Pamekasan (beritajatim.com) – Kekalahan dramatis 2-3 Madura United FC dari Persija pada pekan kedelapan BRI Liga 1 di Stadion Moch Soebroto, Magelang, Jum’at (22/10/2021) malam. Mulai membebani mental skuad berjuluk Laskar Sape Kerrab.
Sebab kekalahan tersebut membuat mereka justru menambah catatan gagal menang dari delapan laga yang dijalani, sekaligus kegagalan meraup poin untuk memperbaiki posisi mereka yang berada di luar 10 besar klasemem sementara.
Bahkan dari hasil tersebut, tim kebanggaan suporter Madura Bersatu hanya meraup 8 poin dari delapan laga yang dijalani. Sekaligus memupuskan harapan untuk memperbaiki posisi mereka di klasemen sementara kompetisi kasta tertinggi sepakbola tanah air.
Kondisi tersebut tentunya memberi tekanan psikologis bagi skuad binaan Rahmad Darmawan, terlebih persaingan antar klub semakin ketat khususnya memasuki Seri 2 Liga 1. “Kalau melihat posisi tim yang tidak sesuai harapan, tentu menjadi tekanan tersendiri,” kata David Laly.
[berita-terkait number=”4″ tag=”madura-united”]
“Tapi bagi kami, tekanan ini bukan justru mengganggu tim. Tapi sebaliknya, kondisi ini bakal menjadi tambahan motivasi untuk terus berbenah dan memperbaiki tim menghadapi pertandingan selanjutnya,” sambung pemain yang berposisi sebagai winger.
Selain itu, pihaknya juga menegaskan kekalahan tersebut menjadi motivasi tersendiri bagi tim asal Pulau Garam, guna menghadapi laga berikutnya. “Tekananan ini menjadi motivasi agar kami mengoreksi diri lebih baik.
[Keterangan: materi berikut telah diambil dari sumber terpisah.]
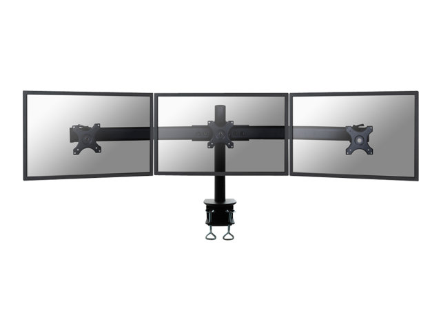 The Neomounts by Newstar desk mount, model FPMA-D700D3 is a tilt- and rotatable desk mount for 3 flat screens up to 27”. This mount is a great choice for space saving placement on desks using a desk clamp. Neomounts by Newstar's versatile rotate (360°) and swivel (45°) technology allows the mount to change to any viewing angle to fully benefit from the capabilities of the flat screen. The mount is manually height adjustable from 32 to 42 centimetres. Depth 7 centimetres. An innovative cable management conceals and routes cables from mount to flat screen. Hide your cables to keep the workplace nice and tidy. Neomounts by Newstar FPMA-D700D3 has one pivot point and is suitable for screens up to 27" (69 cm). The weight capacity of this product is 8 kg each screen. The desk mount is suitable for screens that meet VESA hole pattern 75x75 or 100x100mm. Different hole patterns can be covered using Neomounts by Newstar VESA adapter plates. By using an ergonomic mount neck- and back complaints can be avoided. Ideal for use in offices and on counters or in a reception area. All installation material is included with the product.

Semoga bisa mengembalikan tim ke posisi yang seharusnya,” pungkasnya.
Pada laga kontra Macan Kemayoran, Madura United tertinggal 3 gol pada menit 19′, 52′ dan 54′. Namun akhirnya mereka hanya mampu memperkecil ketertinggalan melalui 2 gol yang dicetak Hugo Gomes pada menit 91′, serta Rafael Silva pada menit 94′. [pin/but]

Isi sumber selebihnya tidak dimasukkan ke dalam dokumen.